╭──

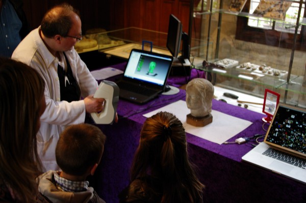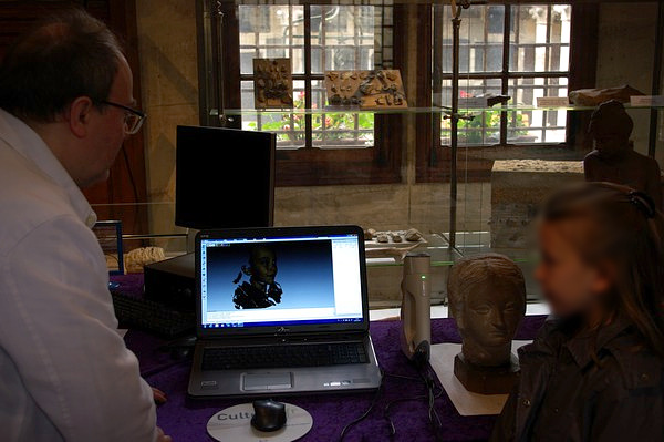 scanner 3D EVA, devant une tête en marbre du XVe siècle (date possible, pièce des réserves du musée) | |
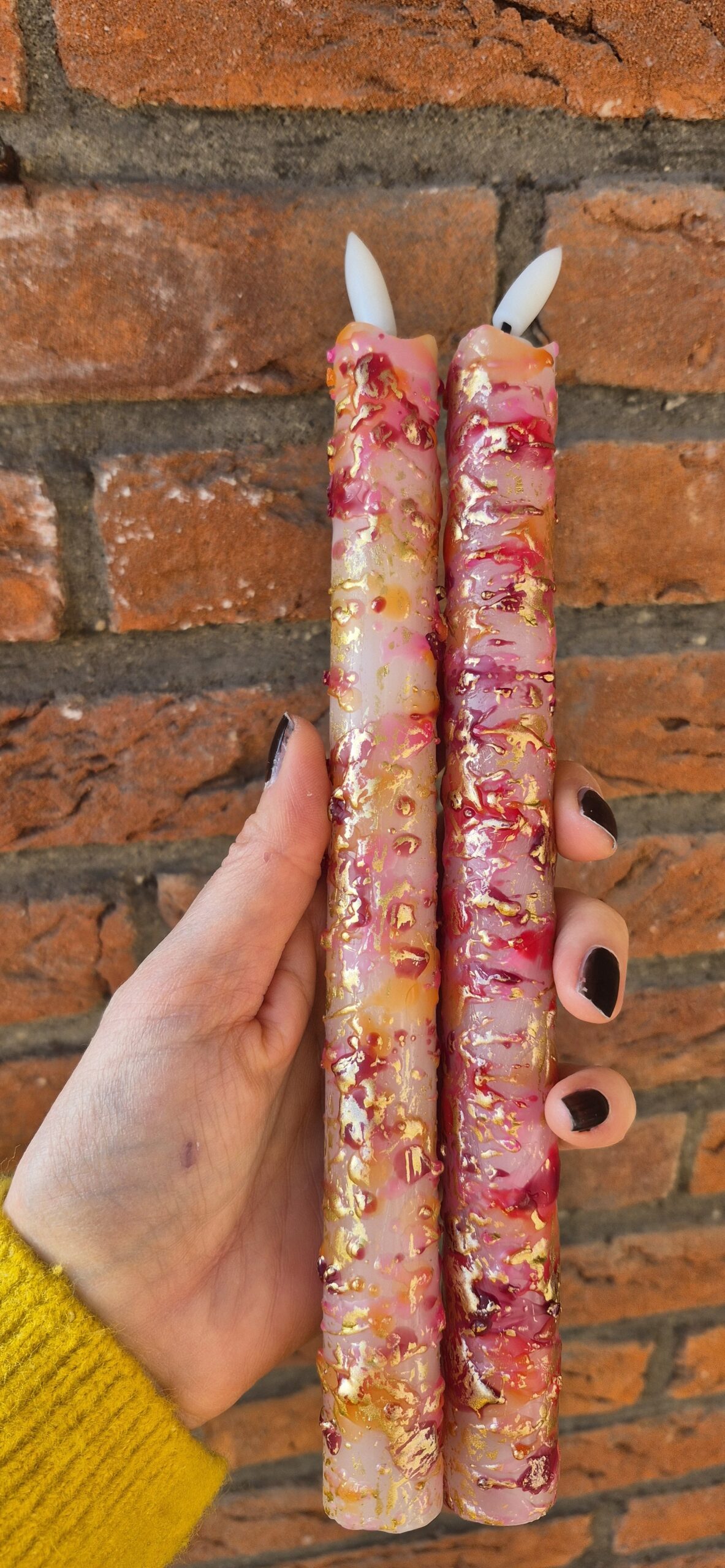 Elke kaars heeft een unieke, handgemaakte uitstraling, waardoor geen twee exemplaren exact hetzelfde zijn. Dit geeft de set een luxe en ambachtelijk karakter dat prachtig aansluit bij een warm en liefdevol interieur.
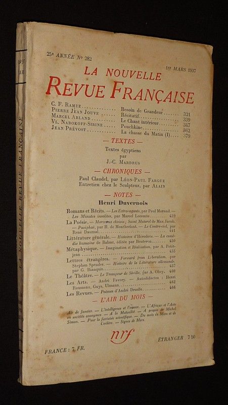 La Nouvelle Revue Française (25e année - n°282, 1er mars 1937)
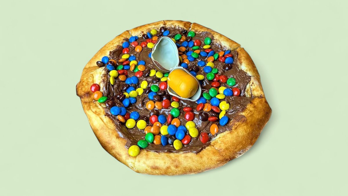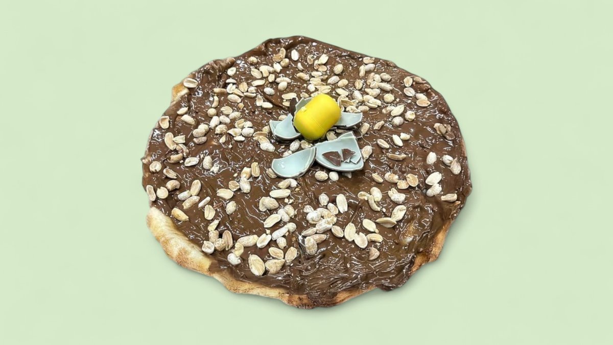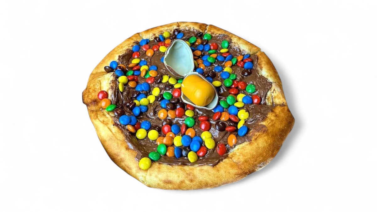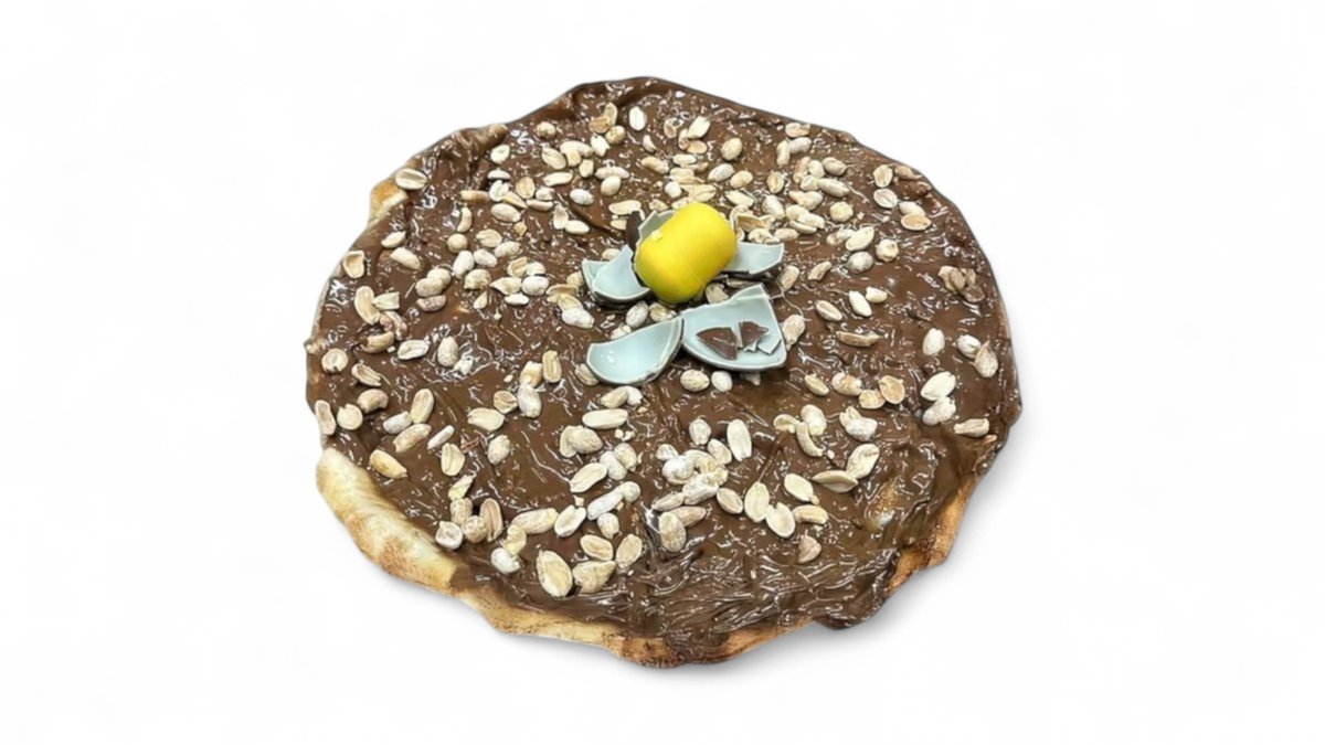 Pizza Snikersica – mekano testo preliveno kremastim Snickers namazom, obogaćeno hrskavim kikirikijem i zaokruženo slatkim iznenađenjem Kinder jajeta.🥹
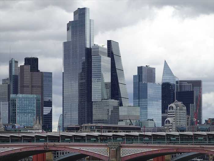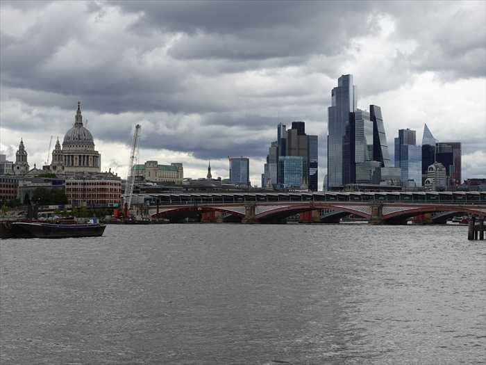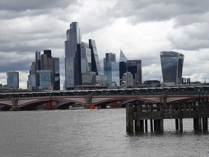 テムズ川越しに見た ロンドン金融街「シティ・オブ・ロンドン(City of London)」の高層ビル群
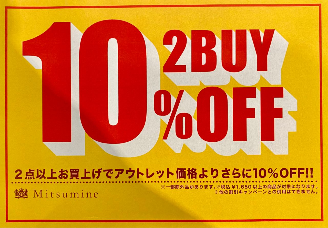 また、酒々井プレミアムアウトレットでは9/15(金)よりSeptember Specialを開催中!こちらに合わせてMitsumineアウトレット酒々井店では2BUY10%OFFのセールを実施中です!
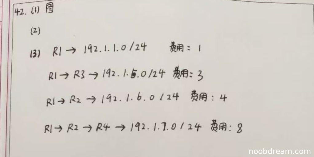 学生答案: - R1→192.1.1.0/24 费用:1 ✓ - R1→R3→192.1.5.0/24 费用:3 ✓ - R1→R2→192.1.6.0/24 费用:4 ✓ - R1→R2→R4→192.1.7.0/24 费用:8 ✓ 所有最短路径及费用计算完全正确,与标准答案一致。得4分。
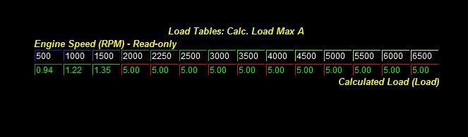 Your requested load A-C need to be upped to 5.00 as well. My calculated load hits ~3.6 at WOT. My max load tables are the same as my TRL tables. |
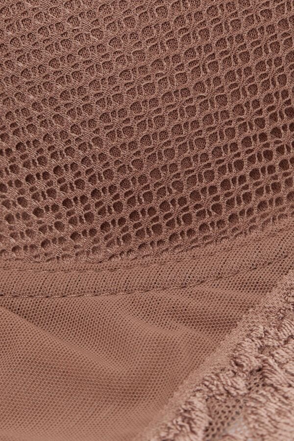 Sofia balconette-bh med lätt vadderade kupor och bekväma bygel som omfamnar och stöder bysten. Den är tillverkad i elegant och raffinerat spets som finns i tvåfärgade eller ton-i-ton-alternativ. Underbandet är fodrat med tyll för att säkerställa bättre passform. Axelbanden är justerbara i ryggen. Underbandet i större storlekar är bredare och en stödinsats är infogad i kuporna för att bättre omfamna och stödja bysten. Det är en design som ger optimalt stöd och framhäver dekolletaget, rundar formen för en feminin och sensuell stil.
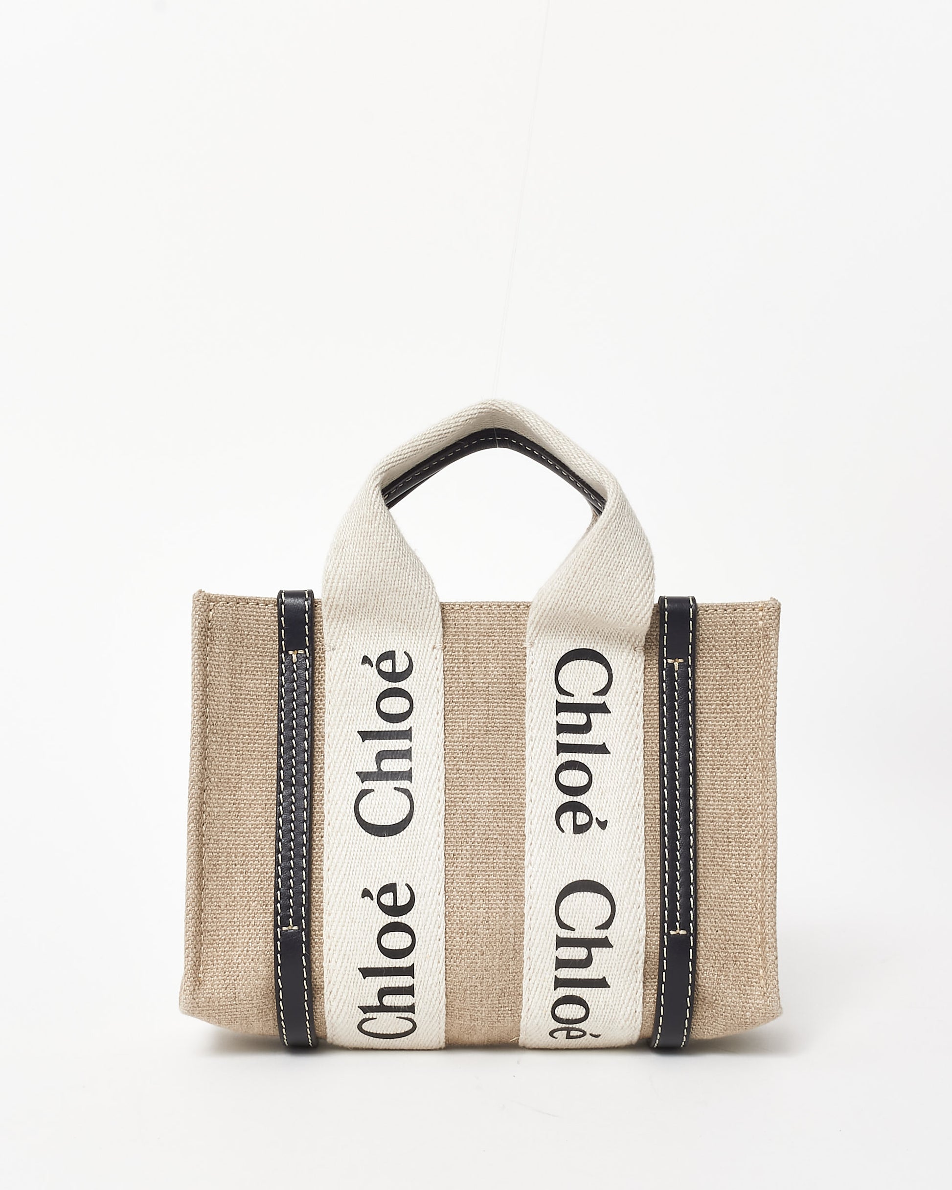 Effortlessly chic and delightfully versatile, this authentic pre-owned Chloé Canvas Mini Woody Crossbody Tote Bag is the epitome of understated elegance. Crafted from durable canvas, this petite tote features the brand’s signature “Chloé” logo-embroidered straps, offering a playful yet refined touch to its minimalistic design.
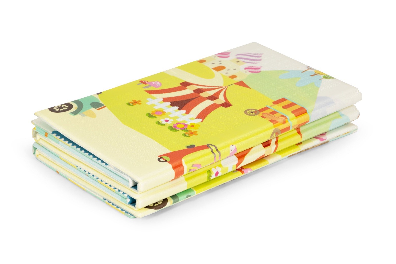 Podložka je veľmi praktická – dá sa rýchlo zložiť aj rozložiť, takže je ideálna na prenášanie aj skladovanie. Obe strany ponúkajú odlišné motívy: jedna strana zobrazuje cirkus so zvieratkami, druhá farebné obrázky s názvami zvierat a písmenkami.PRAKTICKÁ PRENÁŠACIA TAŠKA.
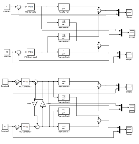 The following Simulink model is an example of a Multiple-Input Multiple-Output system. The first block is an example of two decoupled PID controllers (non-interacting) while the second block is an example of interacting PID controllers with feedforward gains.
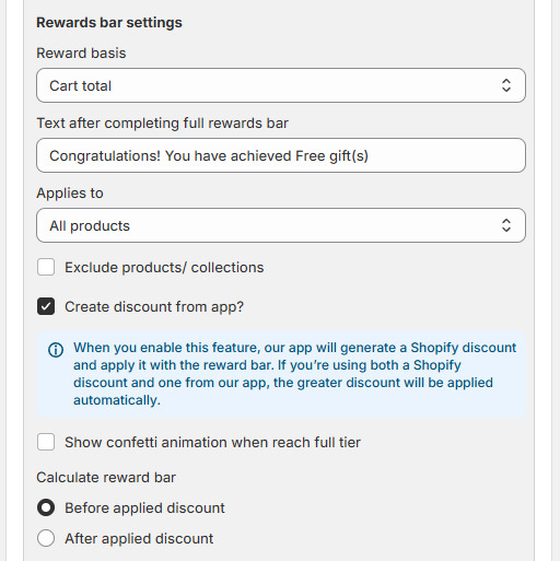 - Calculate how the reward bar will process the cart value: before or after applying the discount.
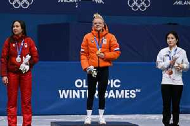TVPG Olimpiadi invernali Milano Cortina 2026, short track 1000 metri femminile finale, nella foto Velzeboer Xandra, medaglia d'oro, Sarault Courtney, medaglia d'argento, Kim Gil- Li , medaglia di bronzo, 6/22-02-2026 Milano ©TVPG Pasquale Golia - AGENZIA ALDO LIVERANI SAS ITALY ONLY EDITORIAL USE ONLY
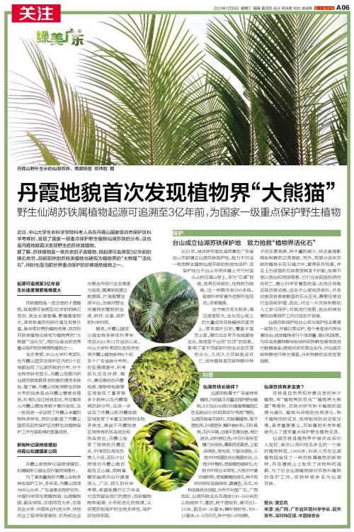 近日,中山大学生命科学学院科考人员在丹霞山国家级自然保护区科学考察时,发现了国家一级重点保护野生植物仙湖苏铁的分布。这也是丹霞地貌首次发现野生的苏铁属植物。

╰──

Exactly as they stand, set down the lines from the start of the material through the line with "テムズ川越しに見た ロンドン金融街「シティ・オブ・ロンドン(City of", both ends included, omitting the pictures.

- RESPONSE -
 scanner 3D EVA, devant une tête en marbre du XVe siècle (date possible, pièce des réserves du musée) | |
 Elke kaars heeft een unieke, handgemaakte uitstraling, waardoor geen twee exemplaren exact hetzelfde zijn. Dit geeft de set een luxe en ambachtelijk karakter dat prachtig aansluit bij een warm en liefdevol interieur.
 La Nouvelle Revue Française (25e année - n°282, 1er mars 1937)
 Pizza Snikersica – mekano testo preliveno kremastim Snickers namazom, obogaćeno hrskavim kikirikijem i zaokruženo slatkim iznenađenjem Kinder jajeta.🥹
 テムズ川越しに見た ロンドン金融街「シティ・オブ・ロンドン(City of London)」の高層ビル群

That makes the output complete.